> [Your objective]: In the listing below, find the line with "Welcome to this" and copy every line from there up to and including the line with "全長(cm):182 継数(本):2 仕舞(cm):95", exactly and without pictures.
*** Entries supplied Section Begins ***
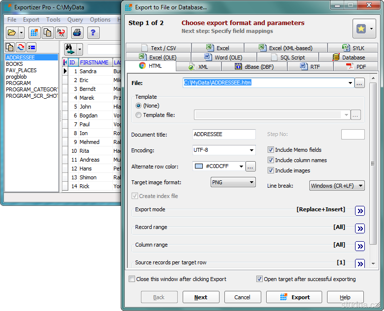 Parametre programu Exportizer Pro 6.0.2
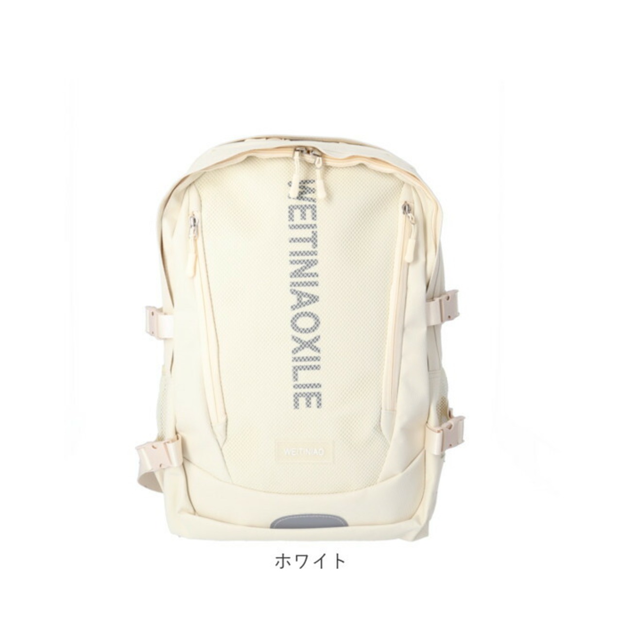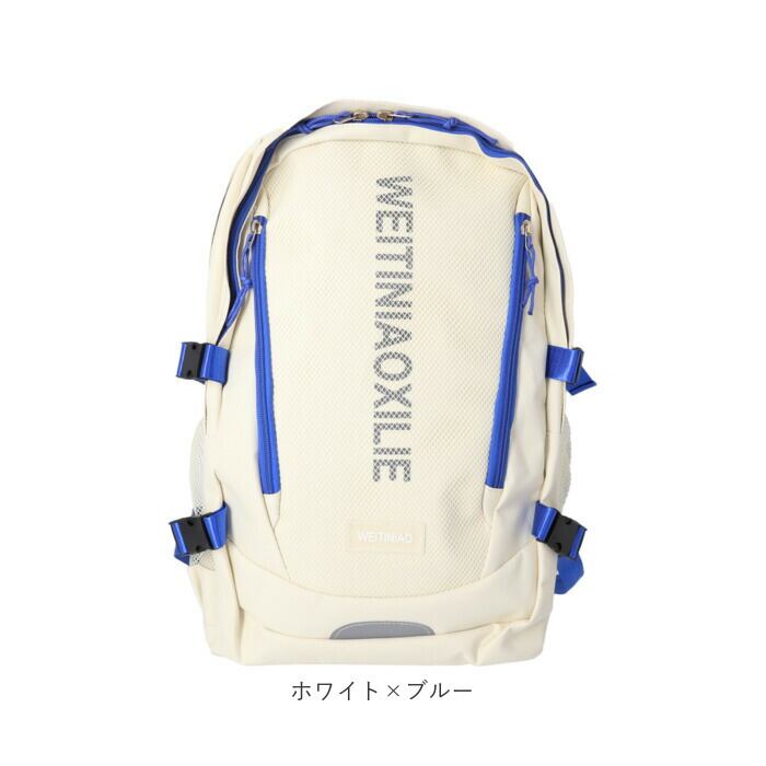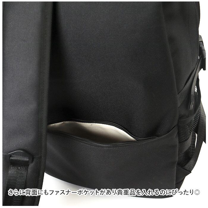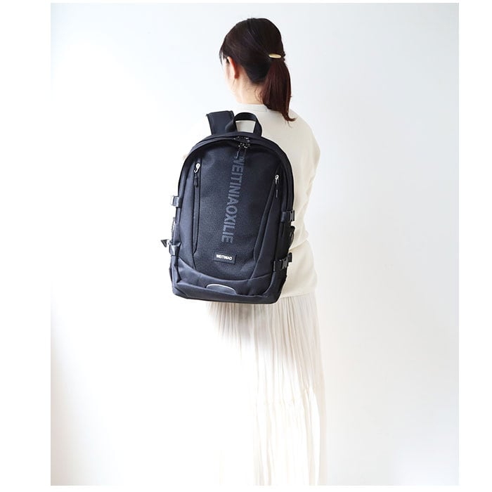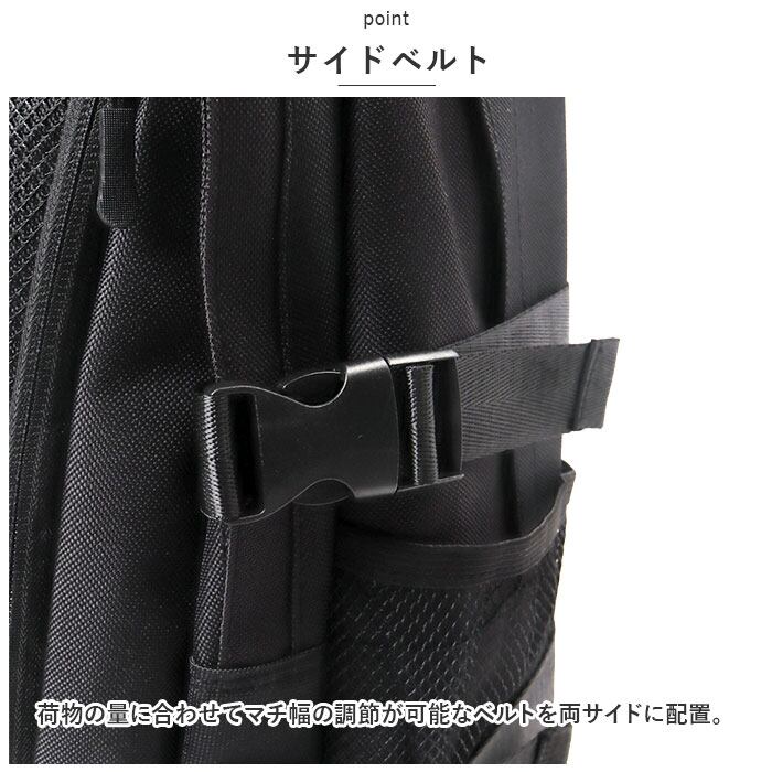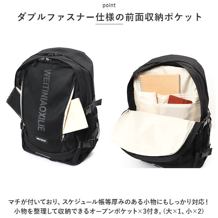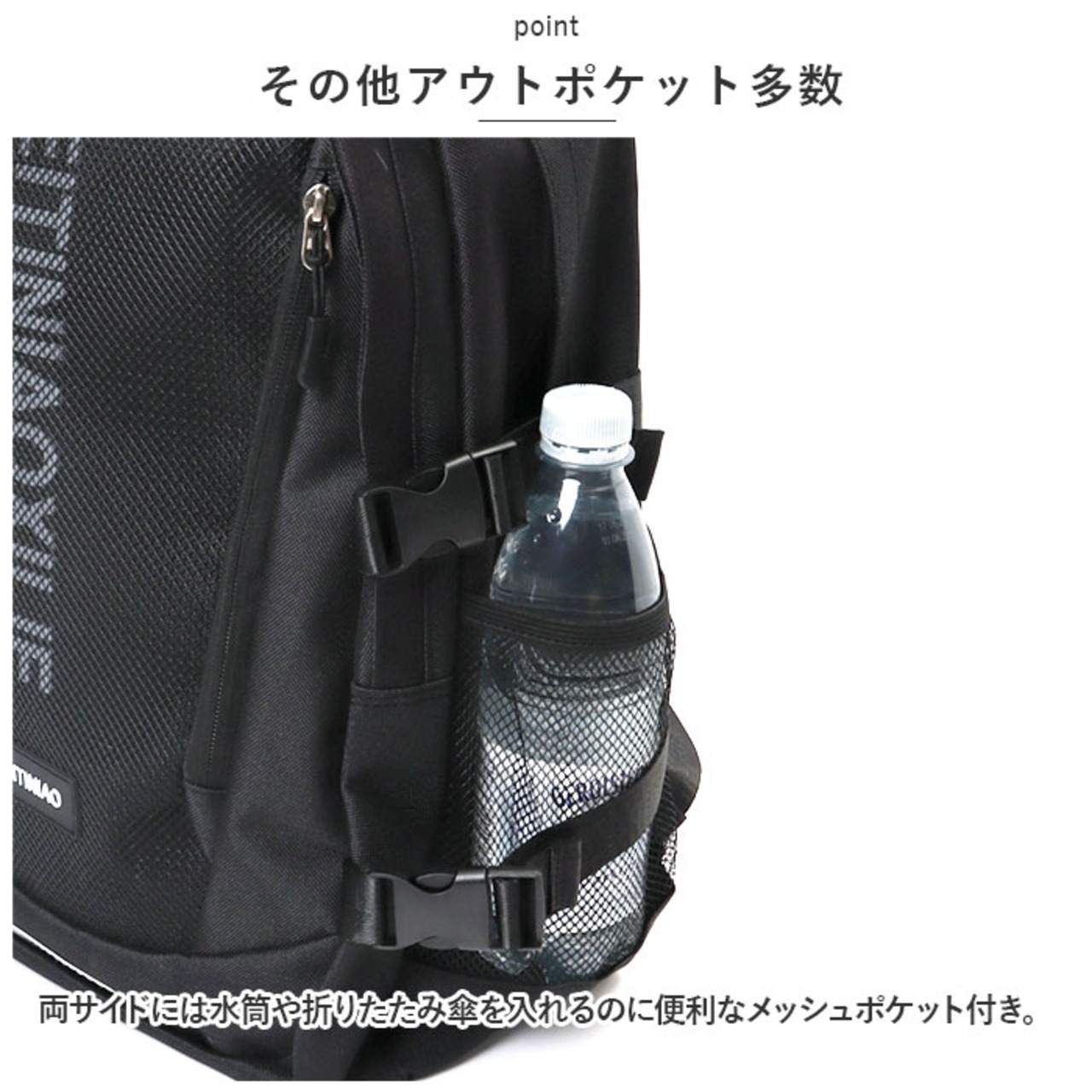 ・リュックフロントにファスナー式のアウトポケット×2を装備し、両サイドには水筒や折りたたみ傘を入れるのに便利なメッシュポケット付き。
*** Entries supplied Section Ends ***
*** Entries supplied Section Begins ***
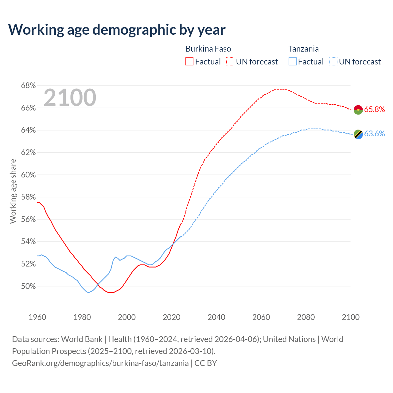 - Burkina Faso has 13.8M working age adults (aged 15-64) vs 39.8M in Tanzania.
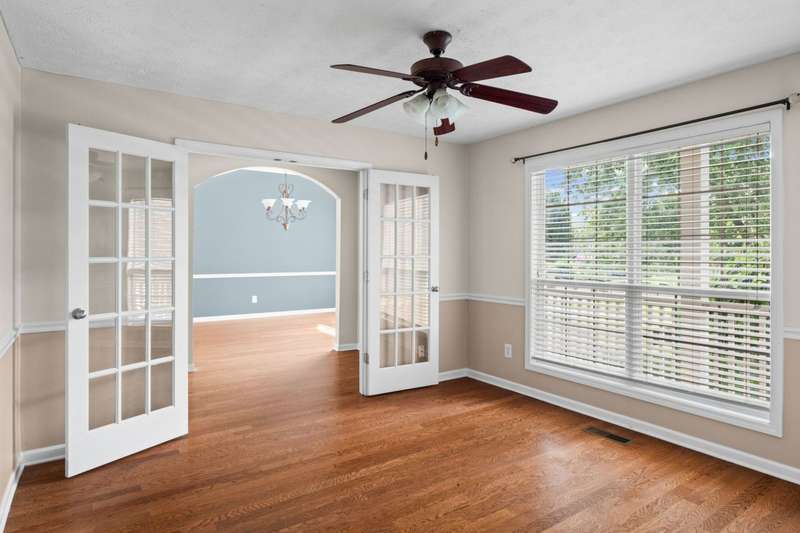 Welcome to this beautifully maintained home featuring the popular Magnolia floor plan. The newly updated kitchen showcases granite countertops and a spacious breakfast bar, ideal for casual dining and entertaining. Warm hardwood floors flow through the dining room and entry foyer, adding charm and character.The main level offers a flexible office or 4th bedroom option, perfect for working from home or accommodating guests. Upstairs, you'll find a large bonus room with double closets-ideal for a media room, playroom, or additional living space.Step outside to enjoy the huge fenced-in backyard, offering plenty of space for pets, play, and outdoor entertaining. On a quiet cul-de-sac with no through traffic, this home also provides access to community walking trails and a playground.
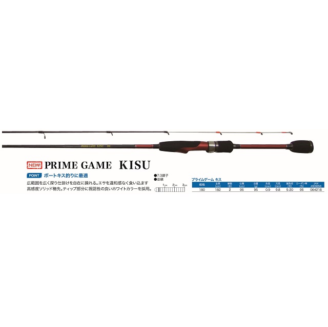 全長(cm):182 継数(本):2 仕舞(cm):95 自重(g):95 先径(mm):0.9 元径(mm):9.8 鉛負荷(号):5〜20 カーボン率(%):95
*** Entries supplied Section Ends ***
*** Entries supplied Section Begins ***
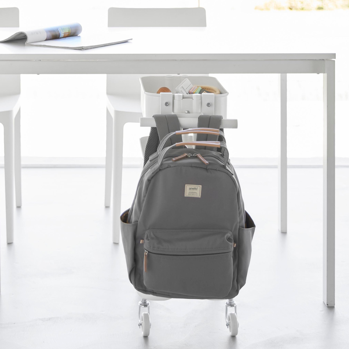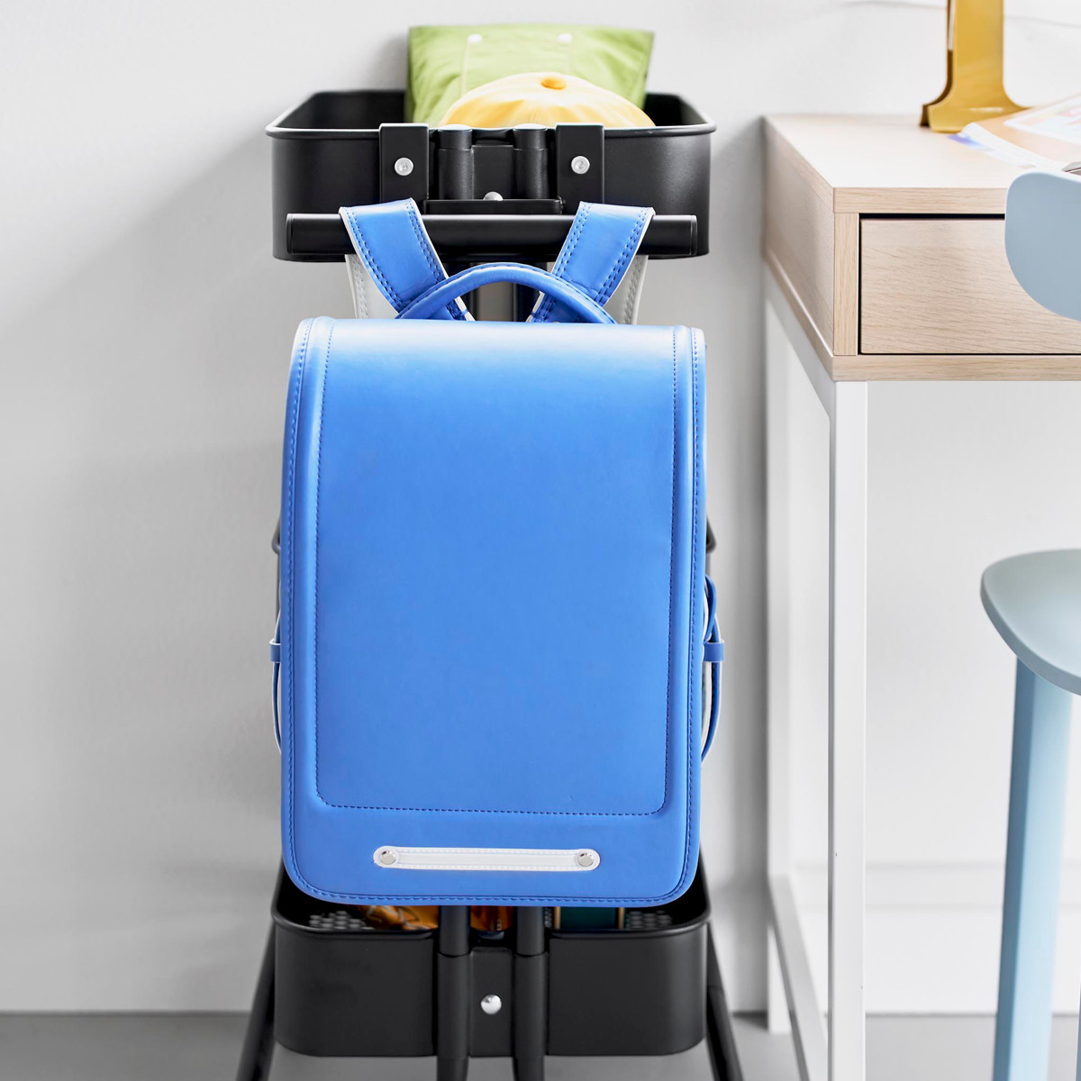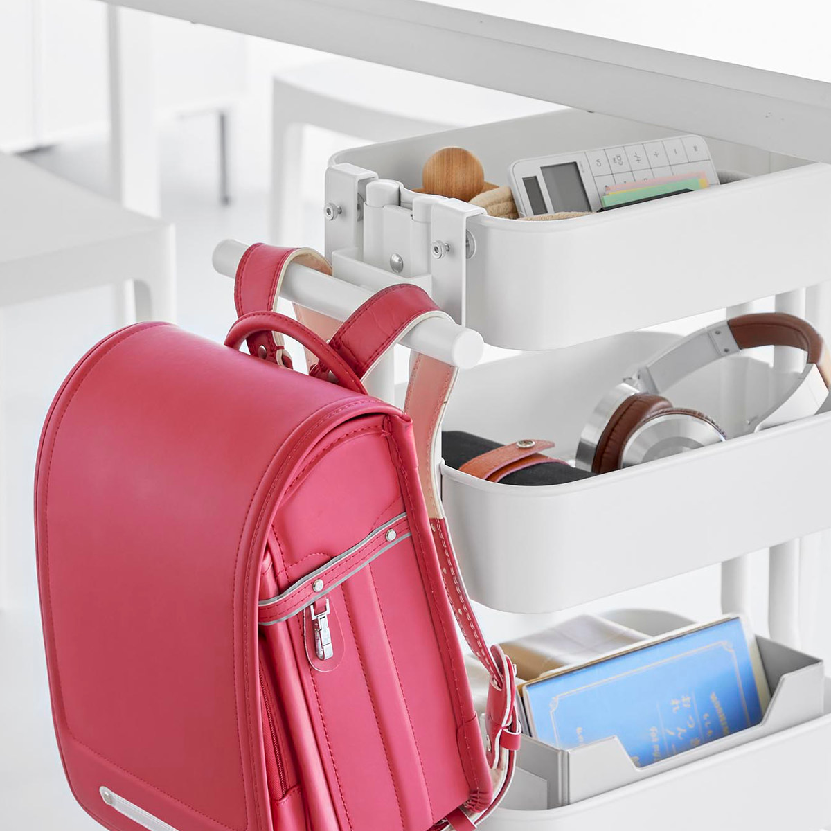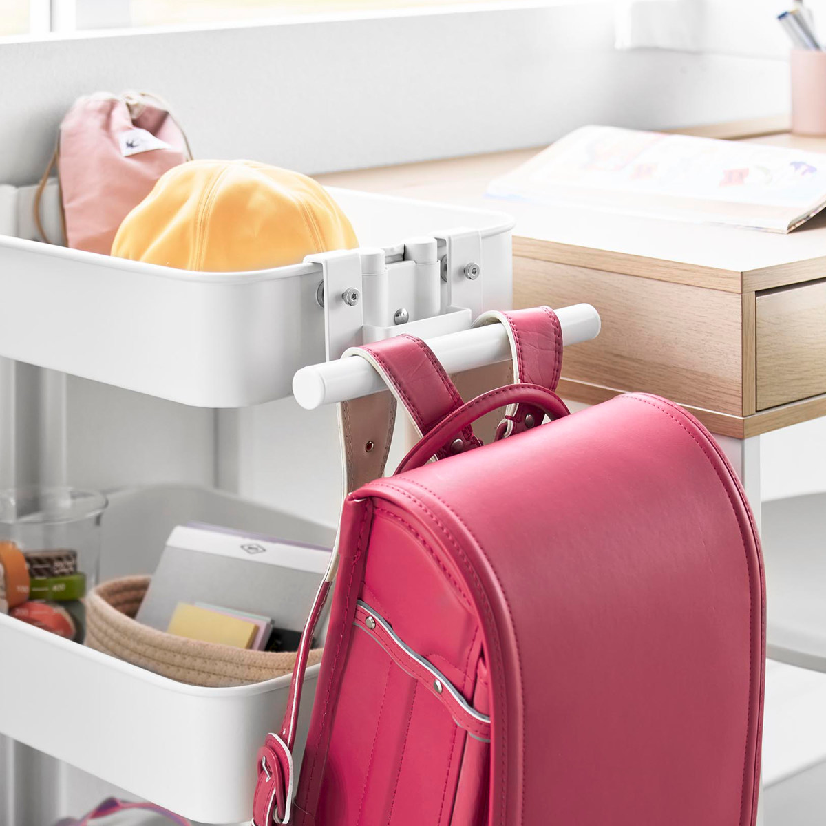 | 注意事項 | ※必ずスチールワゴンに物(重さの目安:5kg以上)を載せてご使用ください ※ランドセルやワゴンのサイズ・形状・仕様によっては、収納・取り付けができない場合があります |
*** Entries supplied Section Ends ***
> [Reply]:
 Welcome to this beautifully maintained home featuring the popular Magnolia floor plan. The newly updated kitchen showcases granite countertops and a spacious breakfast bar, ideal for casual dining and entertaining. Warm hardwood floors flow through the dining room and entry foyer, adding charm and character.The main level offers a flexible office or 4th bedroom option, perfect for working from home or accommodating guests. Upstairs, you'll find a large bonus room with double closets-ideal for a media room, playroom, or additional living space.Step outside to enjoy the huge fenced-in backyard, offering plenty of space for pets, play, and outdoor entertaining. On a quiet cul-de-sac with no through traffic, this home also provides access to community walking trails and a playground.
 全長(cm):182 継数(本):2 仕舞(cm):95 自重(g):95 先径(mm):0.9 元径(mm):9.8 鉛負荷(号):5〜20 カーボン率(%):95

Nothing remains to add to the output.